When: Wednesday, October 25, 2023 3:45 PM-5:00 PM AEDT (UTC+11)
Location: Room 101+102
Organizers: Carolina Nobre (University of Toronto), Cindy Xiong (University of Massachusetts), Joshua A Levine (University of Arizona), Emily Wall (Emory University), Dominik Moritz (Carnegie Mellon University), Evanthia Dimara (Utrecht University)
Panelists: Leni Yang (Hong Kong University of Science and Technology), Cindy Xiong (University of Massachusetts Amherst), Dominik Moritz (Carnegie Mellon University), Joshua A Levine (University of Arizona), Evanthia Dimara (Utrecht University)
In this panel, we will discuss academic life and share advice and experience around navigating the complexities of an academic career. These are important for the whole community to reflect more broadly and are particularly inspirational for early career researchers and students. The panelists include a broad spectrum of academics, which includes researchers in the US, Canada, and Europe, from small private schools to larger public institutions, and both pre-and post-tenure. The panel will discuss common challenges in being an academic including their own experiences in handling these challenges. Topics will include managing the amount of freedom often afforded by a faculty position, pushing back against the eternal pursuit of ”work-life balance”, particularly for women, navigating interdisciplinary collaborations, and considerations beyond CS rankings when choosing an academic home.
When: Wednesday, October 25, 2023 10:45 AM-12:00 PM AEDT (UTC+11)
Location: Room 101+102
Organizers: Mennatallah El-Assady (ETH Zürich), Jürgen Bernard (University of Zurich)
Panelists: Benjamin Bach (University of Edinburgh), Rita Borgo (King’s College Londin), Leilani Battle (University of Washington), Alex Lex (University of Utah), Matthew Brehmer (Tableau Research), Emily Wall (Emory University)
Existing characterizations of Visual Analytics (VA) echo the strengths of combining interactive visual data representations and algorithmic models to enable humans making data-driven decisions effectively. For about 20 years, VA was one of three pillars in the interactive data analysis and visualization (VIS) community. Generation after generation, the VA community has evolved its understanding of research problems and, along the way, contributed various techniques, applications, and research methods. While some developed techniques have stood the test of time, we will consider what else needs to be remembered or even revitalized from the good old days in this panel. Further, VA is currently facing exciting times, with great changes and trends within and outside the community. In this panel, we want to analyze current research trends in VA and discuss our most exciting ideas and directions. Looking ahead, it can already be anticipated that the future of VA is subject to change. Following productive and successful panels at EuroVA 2023 and EuroVis 2023, in this panel, we want to continue mapping out future research directions for our community, with an emphasis on VA. Along the lines of the past, the present, and the future of VA, the guiding theme of our interactive panel will be three types of (provoking) statements: (i) In the good old days, I liked when we did … (ii) Currently, a most exciting trend is … & (iii) In the future, we will be doing … Come and join us to reflect on past and present trends, daring a look ahead to an exciting future for the interactive data analysis and visualization community!

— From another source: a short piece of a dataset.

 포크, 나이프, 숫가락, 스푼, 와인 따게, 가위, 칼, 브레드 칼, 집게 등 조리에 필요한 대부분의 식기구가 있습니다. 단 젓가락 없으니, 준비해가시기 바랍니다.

When: Thursday, October 26, 2023 3:45 PM-5:00 PM AEDT (UTC+11)
Location: Room 101+102
Organizers: Dylan Cashman (Brandeis University), Junpeng Wang (Visa Research), Qianwen Wang (University of Minnesota)
Panelists: Duen Horng (Polo) Chau (Georgia Tech) Mennatallah El-Assady (ETH Zürich), Liang Gou (Bosch), Ross Maciejewski (Arizona State University), Dominik Moritz (Carnegie Mellon University), GPT-4 (Offline-Panelist)

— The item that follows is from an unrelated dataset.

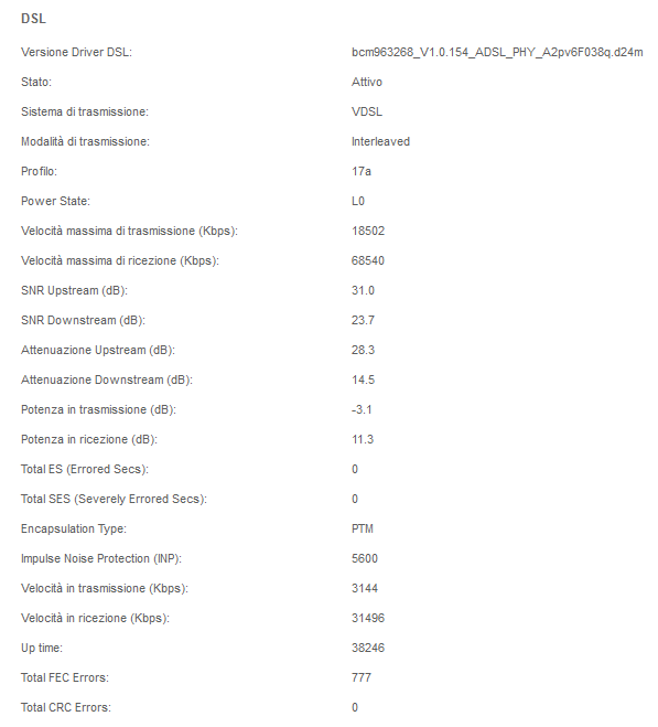 ![]() Probabilmente subirei un ulteriore incremento di massima velocità ottenibile con il profilo 50/10 (o 100/20) rispetto ad adesso, particolarmente in upload, a causa dell'aumento di potenza in uscita. Sono comunque curioso di vedere come si presenterà la situazione dei FEC/CRC col profilo 100/20, visto che già adesso la linea fa un po' di errori col passare del tempo. |

We propose a panel to discuss the changing role of visualization in the development and deployment of machine learning models in light of the rapid evolution of artificial intelligence (AI). Visualization for machine learning (VIS4ML) has been a thriving research area within the visualization community because of the need for better affordances and representations to enable broad groups of stakeholders to interact with and interpret machine learning models. However, recent advancements in AI are changing our understanding of the capabilities of machine learning models, both in performance and in their ability to interact with the general population. In the light of these advancements, we feel it is an important time for the visualization community to consider how the opportunities for visualization have changed. We have gathered a diverse set of panelists from both academia and industry, with varying levels of experience. We hope that providing a multitude of perspectives will shed light on new opportunities for visualization research, while providing context on the natural evolution of the field over the last few decades. The panel format will begin with introductory statements from each panelists. Then, through a set of open ended questions, we will ask panelists to have an open discussion about which types of stakeholders, use cases, and steps of the modeling pipeline they expect to change the most. The panel will conclude by asking each panelist to share where they feel the best opportunities are for VIS4ML research in the medium term future.